Fiscal decentralization can induce positive shocks associated with increased carbon emissions. Conversely, positive shocks in expenditure decentralization can potentially mitigate both carbon emissions and economic development. Furthermore, our findings reveal a statistically significant yet adverse impact of economic growth on carbon emissions in Pakistan. These results carry substantial policy implications, particularly concerning fiscal policy reform and intergovernmental fiscal relations within the context of Pakistan.

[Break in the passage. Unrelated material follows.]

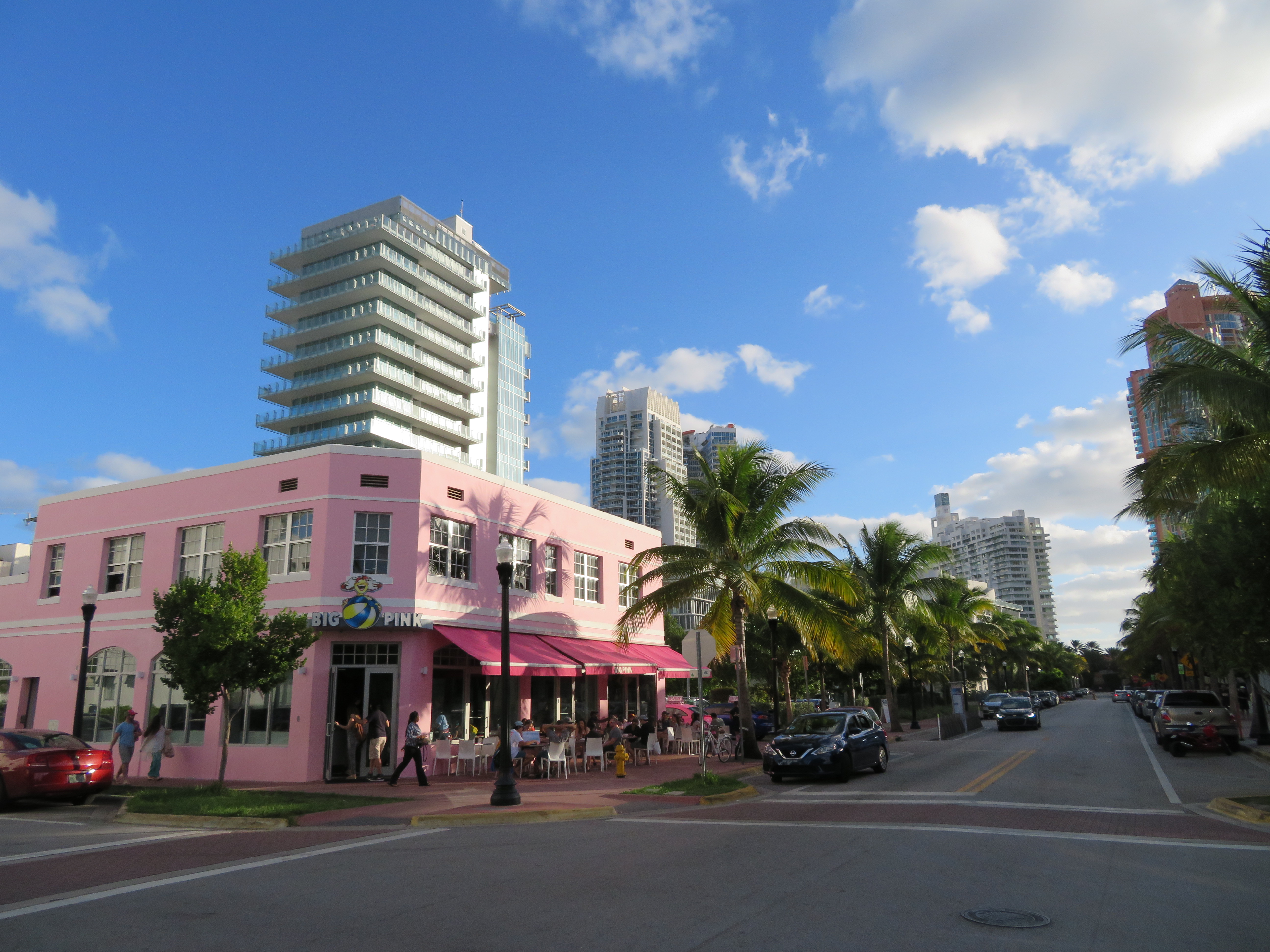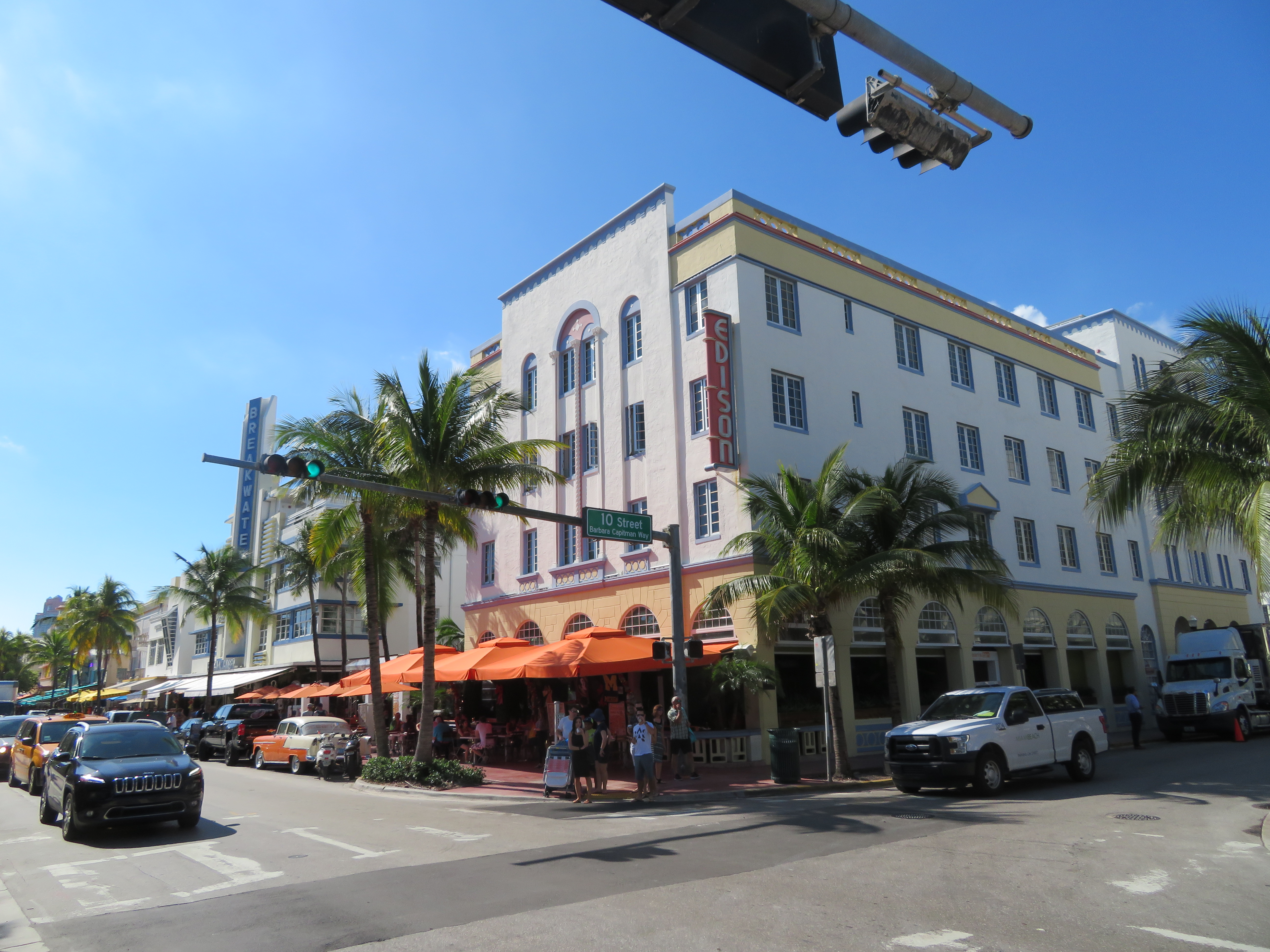 On poursuit par une balade dans South Beach, également appelé le « quartier art déco » en raison de ses maisons des années 30. Pas de grands buildings ici, architecturalement le quartier est assez agréable, il y a de beaux bâtiments entourés de palmiers, des petites rues calmes, dont les piétonnes Espanola Way (avec ses terrasses de restau) et Lincoln Road (plus dédiée au shopping). Et évidemment on déambule sur l’incontournable Ocean drive, le long de la plage.

5.1 Policy implications and limitation

The study underscores significant policy implications, emphasizing the importance of robust provincial governance to ensure efficient tax autonomy for community-centric public expenditures amidst tax revenue decentralization. Policymakers are advised to exercise caution in tax policy formulation, prioritizing effective resource distribution for projects fostering economic growth and environmental sustainability. Aligning intergovernmental fiscal relations is crucial for enhancing environmental efficiency and promoting economic development. Legislative caution is urged in tax law drafting, emphasizing bolstered local accountability to ensure optimal community benefit from increased tax receipts. Future research should explore practical methods for integrating environmental considerations into local government budgeting and resource allocation for sustainable policy creation and implementation.

Constraints in researching the link between fiscal decentralization, economic development, and environmental efficiency in Pakistan include data reliability limitations, potential confounding factors complicating causal link establishment, and oversimplification of complex relationships. The study's context specificity to Pakistan and potential long-term implications oversight should be acknowledged. External variables like global economic trends and geopolitical events can impact economic and environmental dynamics.

Policymakers are advised to refine fiscal policy, emphasizing efficient resource distribution. Further, it should comprehensively explore the impact of fiscal decentralization on economic growth and carbon emissions, offering accurate advice and practical insights for policymakers, particularly in integrating environmental considerations into local government decision-making processes.